To be precise, observability is a system trait, a descriptor, an adjective, not a telemetry checklist, and the boundaries between the data types are fuzzier than you may realize. A log could be classified as an event if it’s structured, or a span if it had start and end timestamps and trace and parent IDs. Metrics can be emitted from source or derived from a log, trace or events.
If you started on day one with a service that emitted nothing and then added logging, you would not be 33.3333% of the way to “achieving observability.” Consider where the data is being sent, how it’s being accessed, and who is looking at it.
Still skeptical? Ponder the following: Is each type sent to different tools with their own UI, query language, charting libraries? Is there onboarding and training specific to engineers at each part of the stack? How consistent is metadata and tags between the data types? Finally, are your engineers regularly using telemetry to inform each stage of the software life cycle?
Knowing the answer to these questions and how each data type falls into your observability strategy is key to making the most out of your data and making sure the right data gets onto the right dashboards.
Observability is too expensive
Chronosphere is the third observability company I have worked for, which means I am used to hearing “We could never afford a hosted vendor solution, that’s why we run an observability stack in-house”.
On the surface running your own in-house stack can seem like a cheaper, less involved option. Factoring hidden costs of hiring and managing an SRE team to operate the platform, increased cost of isolated infrastructure and developing enablement and training
Which gets me thinking about the massive lift it takes to operate and scale a highly available real-time monitoring and observability platform. Taking into account the money spent to hire, train and retain site reliability engineers to maintain the in-house system plus having to create training and enablement from scratch, there are a lot of hidden costs to building and operating your own observability stack.

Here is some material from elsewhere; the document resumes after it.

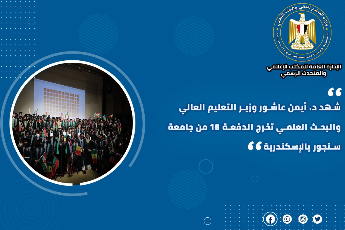 9) شهد الدكتور أيمن عاشور وزير التعليم العالي والبحث العلمي تخرج الدفعة 18 من جامعة سنجور بالإسكندرية، وأشار الوزير إلى الدور الهام الذي تقدمه الجامعة في إعداد الكوادر المُتميزة المُتخصصة في قضايا التنمية، وتساهم في تعزيز التواصل الثقافي بين الطلاب من مختلف الدول وهو ما يتواكب مع السياسة الخارجية المصرية لدعم جهود التنمية في القارة الإفريقية وزيادة التفاعل الإيجابي بين شعوبها.

Another consideration is the vendor itself; when did their messaging shift to observability? Did they start as a traditional monitoring company? Are you locked into a massive bill because of proprietary instrumentation?
In a cloud native environment, the sheer amount of telemetry generated is overwhelming and duplicating data can be one factor contributing to a sky-high bill. Eric Mustin put it best in his “Notes on Vendor Neutral Observability”

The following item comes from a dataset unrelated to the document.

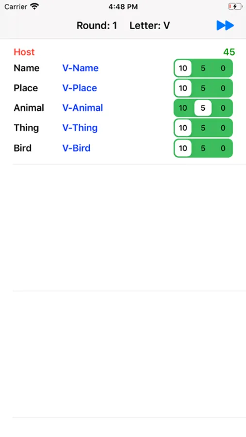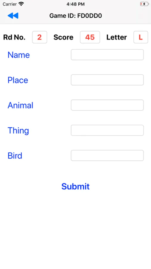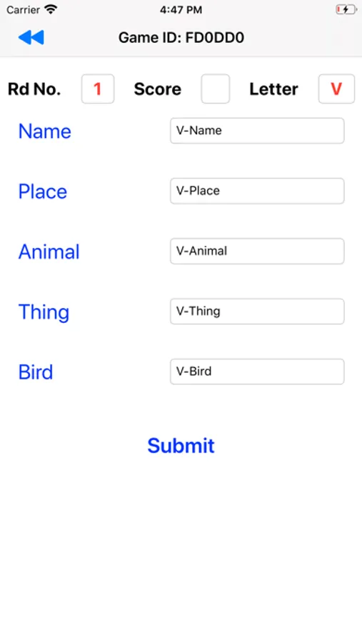 4. Round Letter will generate randomly and all players has to start entering Name, Place, Animal etc., with that letter

“If users are collecting the same error and stack trace via a span event, a RED metric, a log, and an error tracking Event, they should expect to be billed for it 4 different times. It’s up to them to take the time and curate the amount of data they emit and how they emit it.”

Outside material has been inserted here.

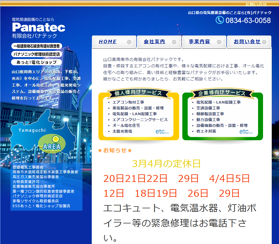 | サービス内容 | 電器店、給湯設備機器の販売・交換。 |

In terms of the cost of observability, it’s important to factor both the concrete costs of data access and storage with the hidden costs of staffing a team to operate an in-house stack.
Conclusion
All right so we’ve got full agreement?
Observability is how well someone can understand their system by using signals generated by instrumentation.
Observability is not monitoring and engineers are feeling the pain of status quo implementations. More than the telemetry you emit and even the tooling you use, it is about including and empowering the human operator in the loop and a holistic telemetry strategy that can combat the high cost of telemetry at scale.
Now that we’ve settled that, let’s tackle platform engineering next.